Foundation Year 2 trainee, RCGP Co-Chair of Student and Foundation Doctor Committee, Hertfordshire
I’ve applied for and been accepted to start my GP training in London August (2019). I’m looking forward to the world of general practice and the educational, leadership and innovation opportunities that I know will come with it!
My interest initially stemmed from setting up and co-founding Liverpool’s first GP Society, which now has over four hundred members and won two national awards. As a Foundation Doctor I was selected to be the RCGP National Co-Chair for the Student and Foundation Doctor Committee. I’ve been involved in projects such as social prescribing, curriculum review, wellbeing projects, GP placement standardisation and involvement with regional Faculty Boards – a great way to gain early understanding of primary care and influence the future.
I think it’s an exciting era to join general practice. Family medicine has evolved from single practitioners to multidisciplinary enterprises. The development of Primary Care Networks will offer new leadership opportunities and roles which I can already see will help me to develop a portfolio GP career. Technology is constantly evolving and the GPs I’ve talked to are not afraid of embracing good and safe new methods. During GP training I’m sure there will be opportunities to learn about new technological advancements along with online and video consultations.
I’m aware of some archaic negative perceptions ruminating amongst some NHS colleagues about general practice which do need to change. I’m under no illusions that being a GP is really hard work and not an easy option! Don’t be afraid to break away from the well-trodden path. Medical practice is all about helping people and the first port of call for anyone with health needs is usually the GP – you could be the gateway to their recovery.
If you are unsure if GP is going to be the right career for you, just get involved and explore. Attend the annual RCGP Conference where generations are connected from the raw enthusiasm of Foundation Doctors to the invaluable wisdom and experience of retired GPs or attend the many local and national specialty recruitment fairs. Be prepared to leave feeling inspired, energised and motivated.

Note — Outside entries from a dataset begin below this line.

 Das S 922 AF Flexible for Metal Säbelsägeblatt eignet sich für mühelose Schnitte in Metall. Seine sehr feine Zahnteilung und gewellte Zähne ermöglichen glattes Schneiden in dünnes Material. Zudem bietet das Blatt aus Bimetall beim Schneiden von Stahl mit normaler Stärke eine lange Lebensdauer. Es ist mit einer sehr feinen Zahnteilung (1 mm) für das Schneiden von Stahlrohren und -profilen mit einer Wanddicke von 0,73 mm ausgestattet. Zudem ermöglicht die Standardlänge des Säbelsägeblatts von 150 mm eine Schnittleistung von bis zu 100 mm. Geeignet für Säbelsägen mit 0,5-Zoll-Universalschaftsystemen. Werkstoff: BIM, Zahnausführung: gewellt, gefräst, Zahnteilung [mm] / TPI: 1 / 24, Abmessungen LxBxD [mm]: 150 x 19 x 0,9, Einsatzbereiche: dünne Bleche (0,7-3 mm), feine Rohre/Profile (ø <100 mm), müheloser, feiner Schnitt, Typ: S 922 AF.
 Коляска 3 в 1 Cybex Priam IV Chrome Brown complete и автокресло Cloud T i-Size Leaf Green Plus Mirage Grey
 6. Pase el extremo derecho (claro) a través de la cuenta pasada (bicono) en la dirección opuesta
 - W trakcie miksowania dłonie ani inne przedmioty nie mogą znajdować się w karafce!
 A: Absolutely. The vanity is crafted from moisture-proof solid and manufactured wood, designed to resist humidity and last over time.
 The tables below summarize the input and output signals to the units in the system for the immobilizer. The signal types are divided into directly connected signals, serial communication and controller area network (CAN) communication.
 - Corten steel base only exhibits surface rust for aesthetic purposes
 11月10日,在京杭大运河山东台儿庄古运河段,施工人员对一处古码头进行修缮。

Providing continuity of care is not an outdated anachronism. Its valued by GPs and their patients. Why not explore a taster week or shadow a GP and you can see how GPs are able to support a patient and their family through the inevitable challenges that happen over a lifetime, resulting in a depth of connection with your patients that is unparalleled.
You can also ‘have your cake and eat it.’ There are ways you can combine the inherent breadth of general practice with an interest in one (or more) particular specialty, providing outpatient services in the community or in your local acute trust. Programme Directors are also very supportive in allowing you to pursue experiences during your training programme such as teaching and leadership fellowships.
Honestly, just get involved! The future of GP is bright with endless opportunities.